With considerable uncertainty as to what constitutes the optimal blood pressure during cardiac surgery, professional bodies have issued conflicting recommendations for blood pressure management. In their consensus statement concerning the management of intraoperative blood pressure, the Perioperative Quality Initiative—an international organization aiming to improve patient care by developing consensus statements related to perioperative medicine—recommended that intraoperative systolic blood pressure be maintained below 140 mmHg and stated that injury was a function of arterial pressure severity and duration.31 No recommendation was made with respect to a lower limit of blood pressure. In contrast, guidelines from the European Association of Cardiothoracic Anesthesiologists/European Association of Cardiothoracic Surgeons on the management of CPB recommend that MAP during CPB be maintained between the broad range of 50–80 mmHg; no recommendation was made for blood pressure management before and after CPB.32

Our systematic review is limited by the available evidence. Our search strategy and inclusion criteria identified eight small, single-centre RCTs that were eligible for inclusion. Across RCTs, the definition of what constitutes a “high” compared with a “low” target varied, such that “low” and “high” targets overlapped across trials (Fig. 2). In addition, there was often a discrepancy between the target and achieved blood pressure. For example, the “low” blood pressure range of 60–70 mmHg targeted by Siepe et al.4 overlapped with the “high” value of > 60 mmHg targeted by Kandler et al.,24 as well as the achieved “high” blood pressure mean (SD) of 66.8 (4.9) mmHg observed by Vedel et al. (despite a “high” blood pressure target range of 70–80 mmHg).6 This limits our ability to make inferences about the relative effects of these two approaches.
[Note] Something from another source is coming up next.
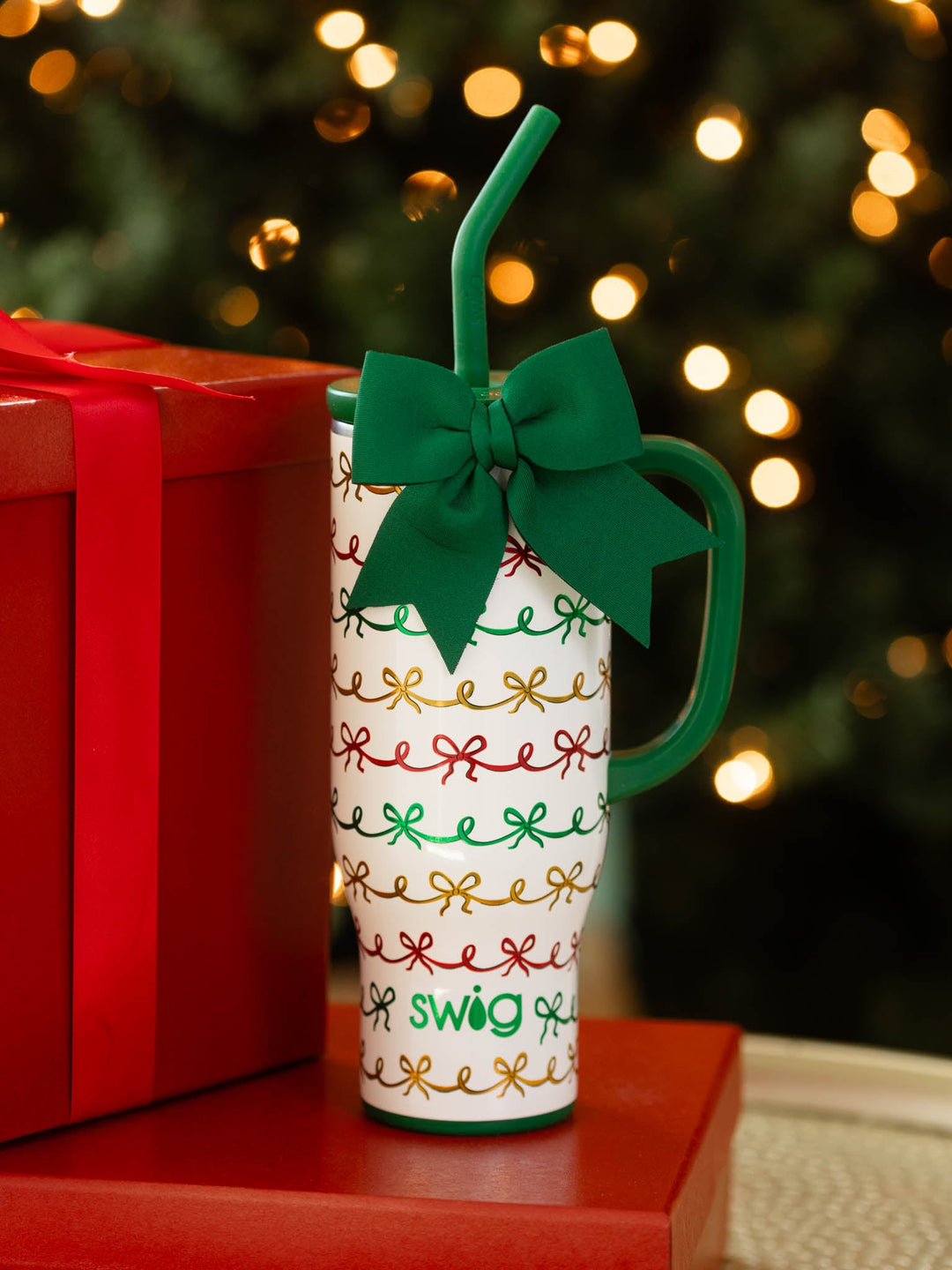 This large style mug features a straw detail and side handle with a festive bow printed design for the holiday season.

Ideally, rather than dichotomizing blood pressure targets as “high” and “low,” we would undertake an individual patient meta-analysis, which would allow us to characterize the relationship between blood pressure (characterized continuously) and postoperative morbidity and mortality. This would prevent the loss of power that occurs because of dichotomization. Unfortunately, even given access to patient-level data for each included trial, the small number of trials and patients would be unlikely to provide adequate power to do so. Furthermore, because included RCTs only considered blood pressure during the CPB period, blood pressure management before or after CPB may have diminished the observed impact of “high” compared with “low” blood pressure targets on postoperative morbidity and mortality. Finally, in conducting our meta-analysis, we did not adjust for multiple comparisons. Nevertheless, only one of our results was statistically significant using a threshold P = 0.05; we have limited confidence in this result (for hospital LOS) because it involved the conversion of median [IQR] to mean (SD). Thus, adjusting for multiple comparisons would not have changed our interpretation of our findings. The results of our systematic review highlight the gaps in the existing literature and provide the basis for future work examining the relationship between intraoperative blood pressure and major morbidity and mortality after cardiac surgery.

Conclusions

The effect of high compared with low blood pressure targets on morbidity and mortality after cardiac surgery remains unclear because of limitations in existing evidence. Research to determine the optimal management of blood pressure during cardiac surgery is required.